Они улыбались ему с тем большим удовольствием, что он никогда не слыл конформистом. Его предполагаемое согласие с предложением главного врача было своего рода доказательством, что малодушие постепенно и определенно становится нормой поведения и в скором времени перестанет восприниматься тем, чем есть на самом деле. Эти люди никогда не были его друзьями. И Томаш с испугом представлял себе, что сделай он заявление, о котором его просил главный врач, они непременно зазовут его на стаканчик вина и станут набиваться в приятели.

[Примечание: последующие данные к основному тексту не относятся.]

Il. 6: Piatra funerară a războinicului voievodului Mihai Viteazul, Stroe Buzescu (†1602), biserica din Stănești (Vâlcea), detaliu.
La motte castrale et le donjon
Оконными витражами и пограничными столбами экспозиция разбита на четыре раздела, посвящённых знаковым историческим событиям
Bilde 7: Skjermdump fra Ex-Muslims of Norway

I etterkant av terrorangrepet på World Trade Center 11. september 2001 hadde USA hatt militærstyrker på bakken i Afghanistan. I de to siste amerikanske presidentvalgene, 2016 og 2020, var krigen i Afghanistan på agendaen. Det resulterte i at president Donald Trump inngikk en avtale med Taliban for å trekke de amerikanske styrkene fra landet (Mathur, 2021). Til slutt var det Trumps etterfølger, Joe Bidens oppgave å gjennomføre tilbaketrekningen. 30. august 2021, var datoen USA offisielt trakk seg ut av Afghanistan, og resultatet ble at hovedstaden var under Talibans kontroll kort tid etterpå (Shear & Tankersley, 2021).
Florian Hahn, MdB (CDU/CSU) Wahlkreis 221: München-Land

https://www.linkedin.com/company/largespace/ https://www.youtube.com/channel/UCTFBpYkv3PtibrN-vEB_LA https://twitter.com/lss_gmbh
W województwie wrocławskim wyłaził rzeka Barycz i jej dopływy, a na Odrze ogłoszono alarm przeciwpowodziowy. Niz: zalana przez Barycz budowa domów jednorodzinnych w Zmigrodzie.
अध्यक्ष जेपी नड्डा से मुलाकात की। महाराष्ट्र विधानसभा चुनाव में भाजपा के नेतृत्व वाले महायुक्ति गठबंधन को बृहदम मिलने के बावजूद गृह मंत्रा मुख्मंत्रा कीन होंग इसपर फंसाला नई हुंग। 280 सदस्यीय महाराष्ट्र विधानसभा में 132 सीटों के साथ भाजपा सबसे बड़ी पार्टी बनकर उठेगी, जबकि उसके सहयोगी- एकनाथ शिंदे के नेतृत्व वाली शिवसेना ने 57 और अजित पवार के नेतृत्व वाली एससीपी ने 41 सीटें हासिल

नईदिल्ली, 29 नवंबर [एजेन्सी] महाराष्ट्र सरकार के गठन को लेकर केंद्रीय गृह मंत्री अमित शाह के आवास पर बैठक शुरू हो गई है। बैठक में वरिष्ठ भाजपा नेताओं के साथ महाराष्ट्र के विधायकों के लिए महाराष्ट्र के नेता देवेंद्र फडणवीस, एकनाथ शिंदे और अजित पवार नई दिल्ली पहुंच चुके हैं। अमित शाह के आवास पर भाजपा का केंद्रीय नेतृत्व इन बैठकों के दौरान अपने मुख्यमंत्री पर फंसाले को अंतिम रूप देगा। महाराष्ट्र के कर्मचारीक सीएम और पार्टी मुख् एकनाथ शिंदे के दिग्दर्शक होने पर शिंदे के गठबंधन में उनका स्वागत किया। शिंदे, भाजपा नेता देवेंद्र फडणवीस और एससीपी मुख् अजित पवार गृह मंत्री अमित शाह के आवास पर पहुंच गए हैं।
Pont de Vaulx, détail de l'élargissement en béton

Второй тип реакции касался тех, которые сами (они или их близкие), подвергаясь преследованиям, отказывались идти на какой–либо компромисс с оккупационными властями или которые были убеждены, что никогда бы не пошли на него, хотя пока еще никто от них никакого компромисса (или заявления) и не требовал (возможно, потому, что они были слишком молоды, чтобы успеть влипнуть в какую–нибудь передрягу).

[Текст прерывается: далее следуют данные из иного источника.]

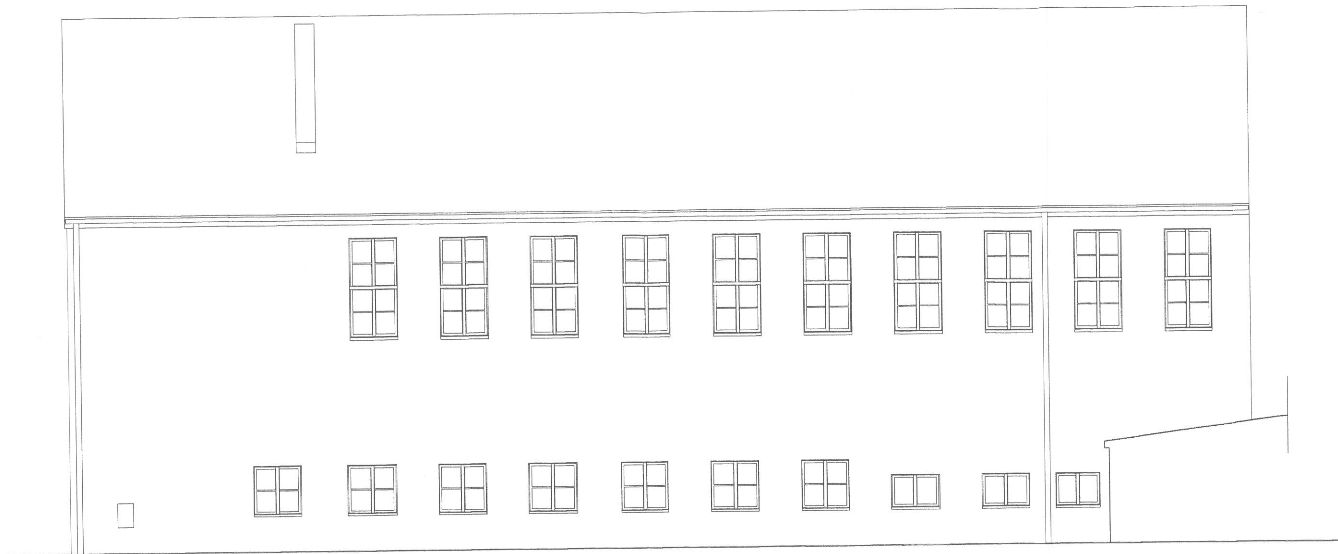
Elewacja tylna (południowa) skala 1:100
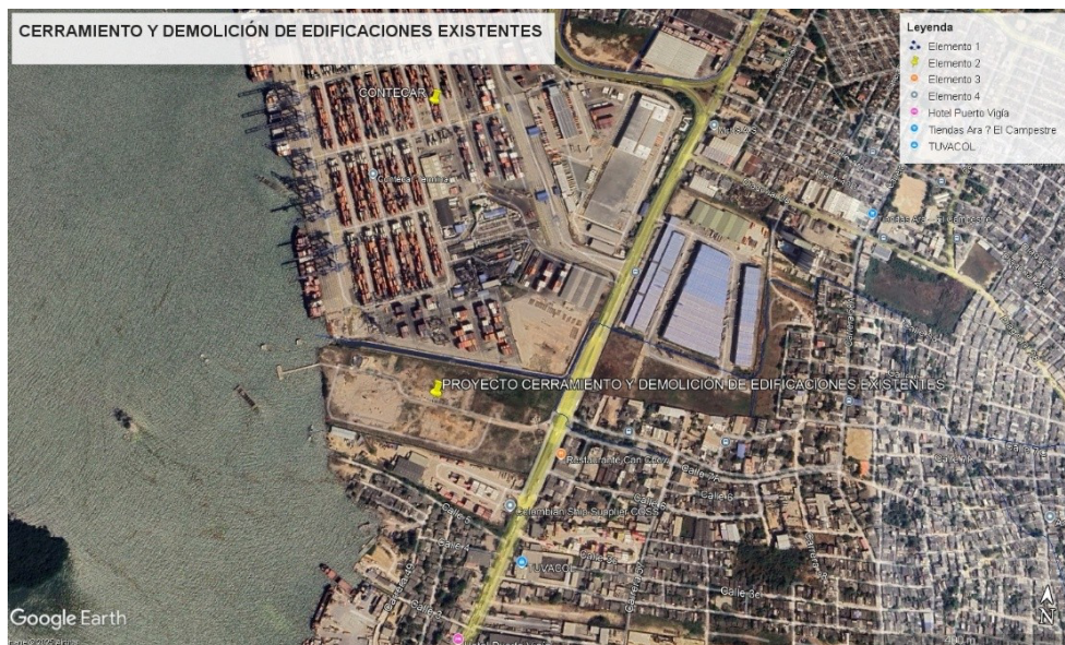
Figura 1. Ubicación geográfica LOTE SUR Contecar

Se realizo visita de inspección a las actividades constructivas contempladas en el proyecto ADECUACION DE TERRENO LOTE SUR, antiguo lote frigopesca el día 02 de diciembre de 2025 a las 3:00 p.m., Dicho proyecto se encuentra ubicado en el barrio Albornoz Sector Mamonal Cra 50 No°5-229, en las coordenadas geográficas 10°22'23.47"N- 75°30'27.17"O. Teniendo en cuenta la distribución espacial del Distrito de Cartagena de Indias, El proyecto se encuentra ubicado en la localidad 3, Industrial y de la Bahía, y cuenta con la matricula inmobiliaria 060-13767 y referencia catastral 011005890004000.

Один из них, весьма даровитый молодой врач С., спросил Томаша:
— Ну как, ты им уже написал?
— Прости, что ты имеешь в виду? — спросил Томаш.
— Ну ясно, твое отречение, — сказал С. Говорил он без всякой злобы. Даже улыбался. Но опять–таки это была уже совершенно иная улыбка, из некоего пухлого гербария улыбок: улыбка удовлетворенного нравственного превосходства.
Томаш сказал: — Послушай–ка, что ты знаешь о моем отречении? Ты читал его?
— Нет, — сказал С. — Так чего же ты мелешь? — спросил Томаш.